== Extracted data ==

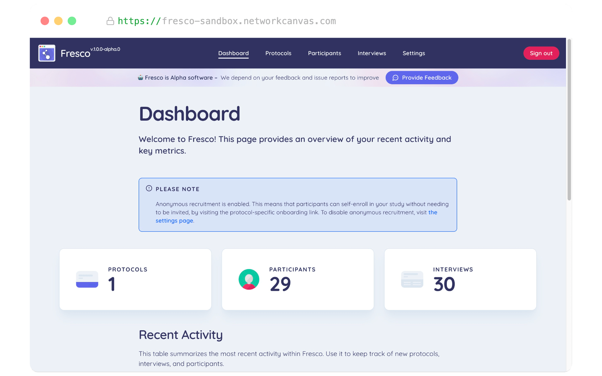 Fresco includes features to support participant management, protocol management, and data export. It is also designed to be 100% compatible with all existing Network Canvas protocols. Below you can find a brief overview of the features and functionality of Fresco.
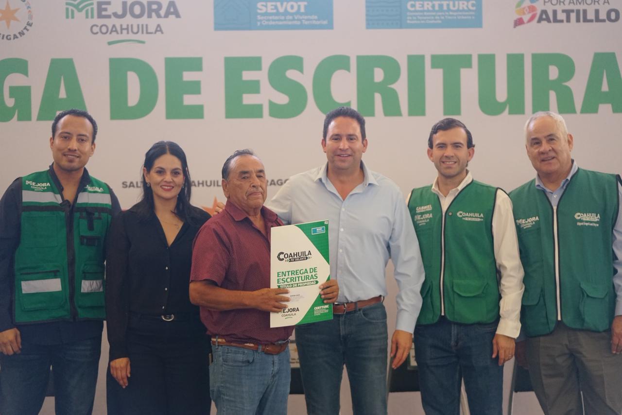 Con el objetivo de brindar certeza jurídica y fortalecer el patrimonio de las familias, el gobernador Manolo Jiménez a través de Mejora, CERTTURC y la Secretaría de la Vivienda y Ordenamiento Territorial han realizado la entrega de más de 2000 escrituras en todo Coahuila.
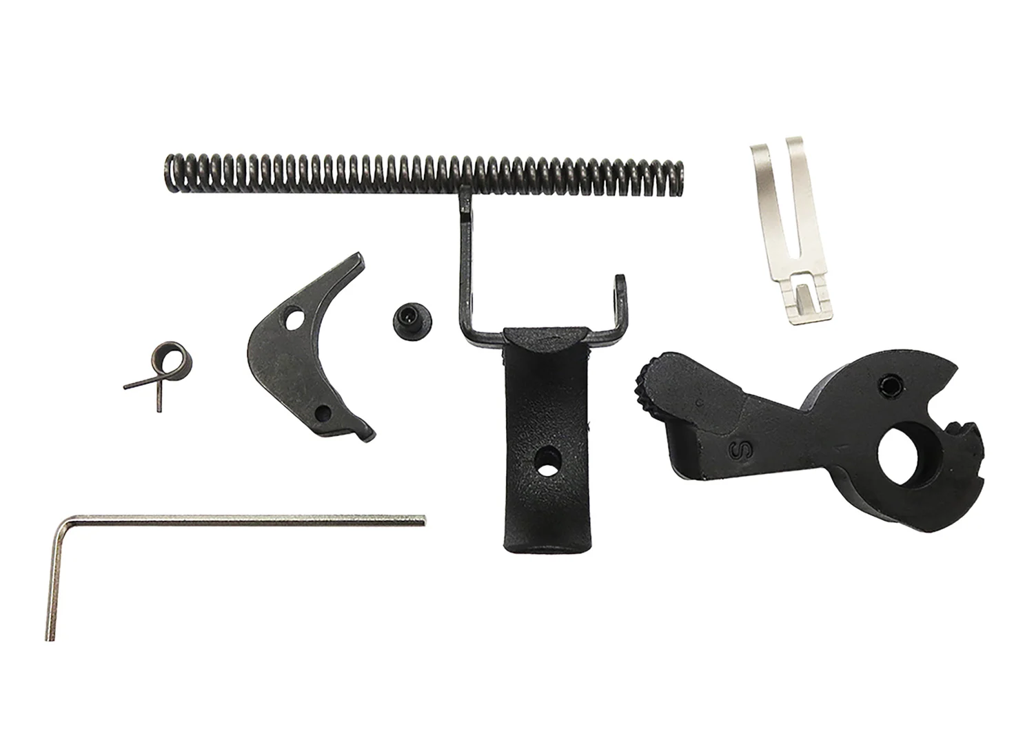 Includes: Match hammer, Match hammer spring, Match trigger with over-travel stop & tool, Match trigger return spring, Match nickel flat/sear spring, Match New style sear catch
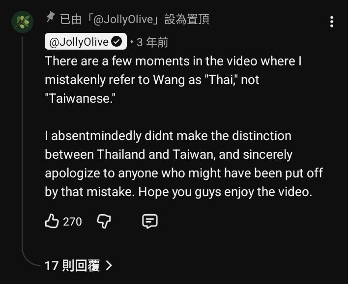 「影片中有幾個片段,我不小心把 Wang 稱呼為『泰國人 (Thai)』而非『台灣人 (Tai
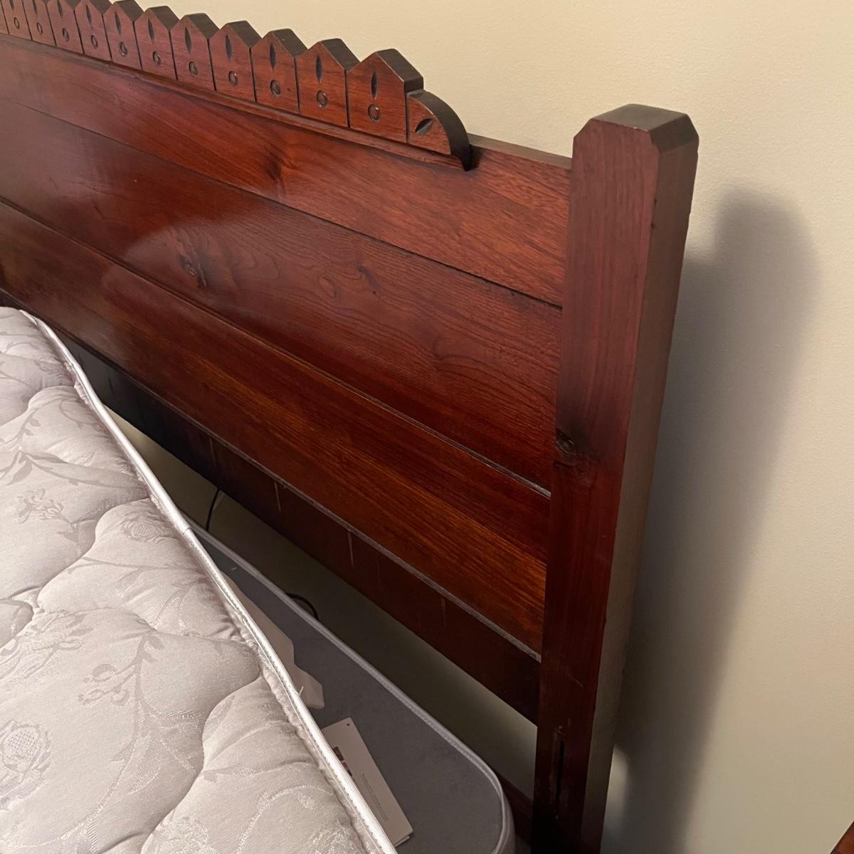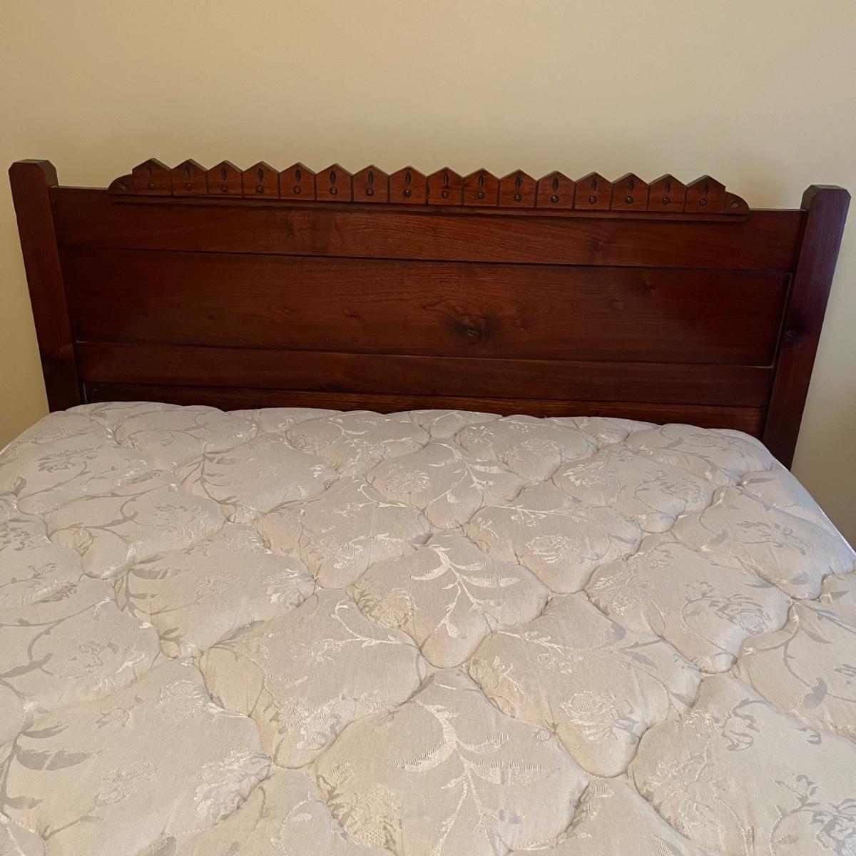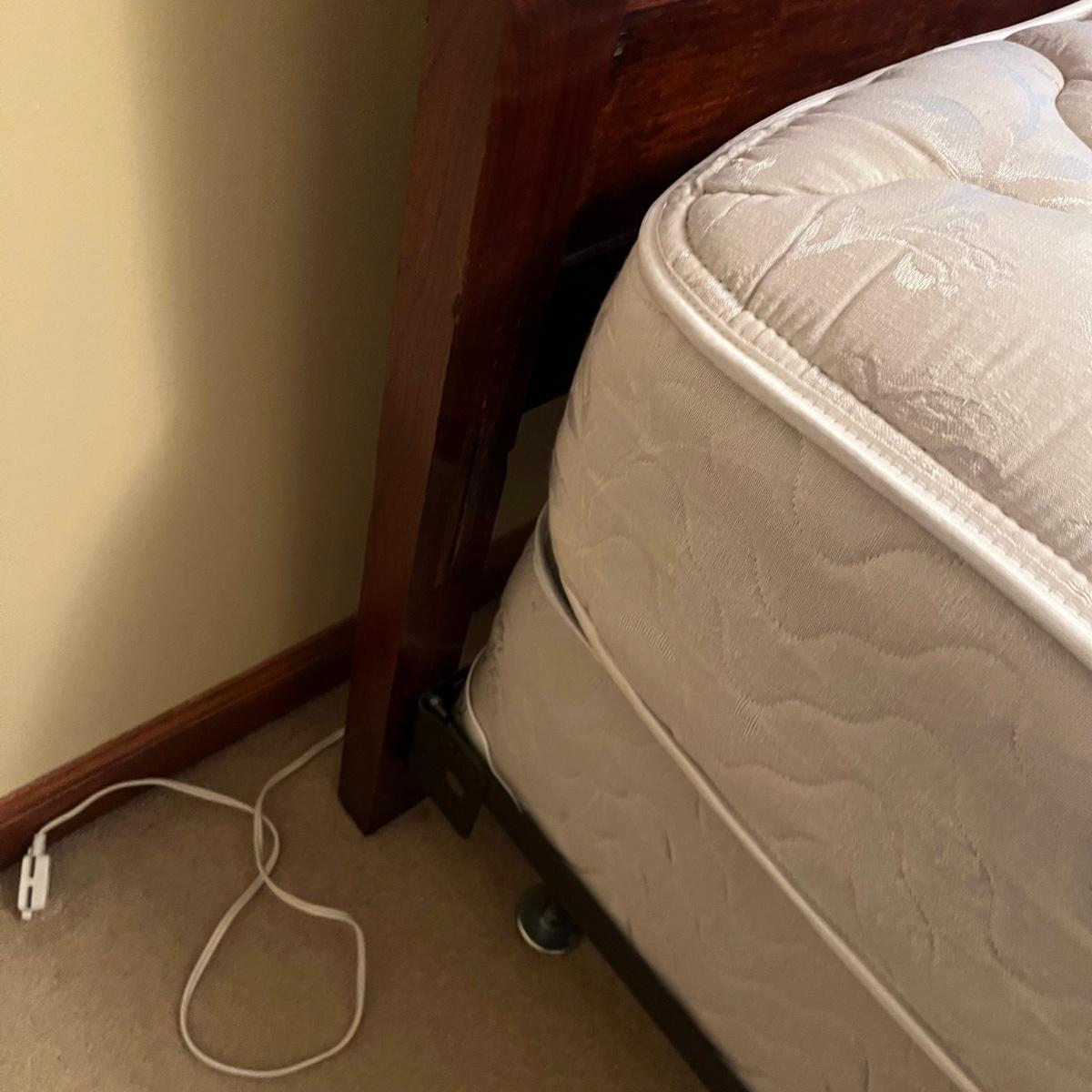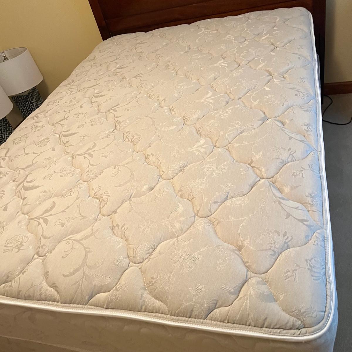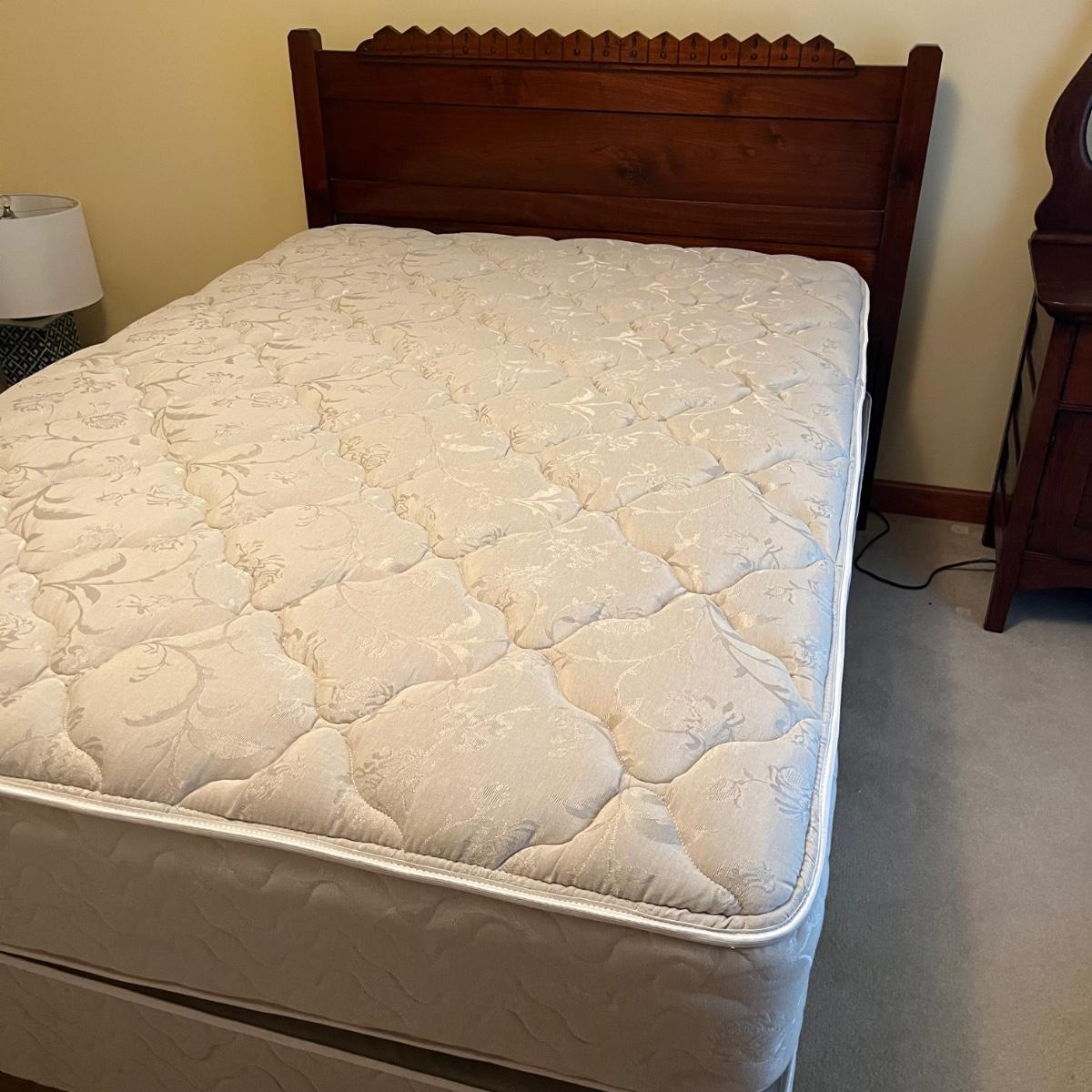 Lot includes a full size wooden headboard with metal bed frame. The headboard measures 56” x 43”H. The Serta mattress and box spring are available to winning bidder but not required.

===

- Your instructions -
With pictures omitted, reproduce exactly the lines from the line containing "稱呼為『泰國人 (Thai)』而非『台灣人 (Tai" through the end of the data above.

- Solution to the problem -
 「影片中有幾個片段,我不小心把 Wang 稱呼為『泰國人 (Thai)』而非『台灣人 (Tai
 Lot includes a full size wooden headboard with metal bed frame. The headboard measures 56” x 43”H. The Serta mattress and box spring are available to winning bidder but not required.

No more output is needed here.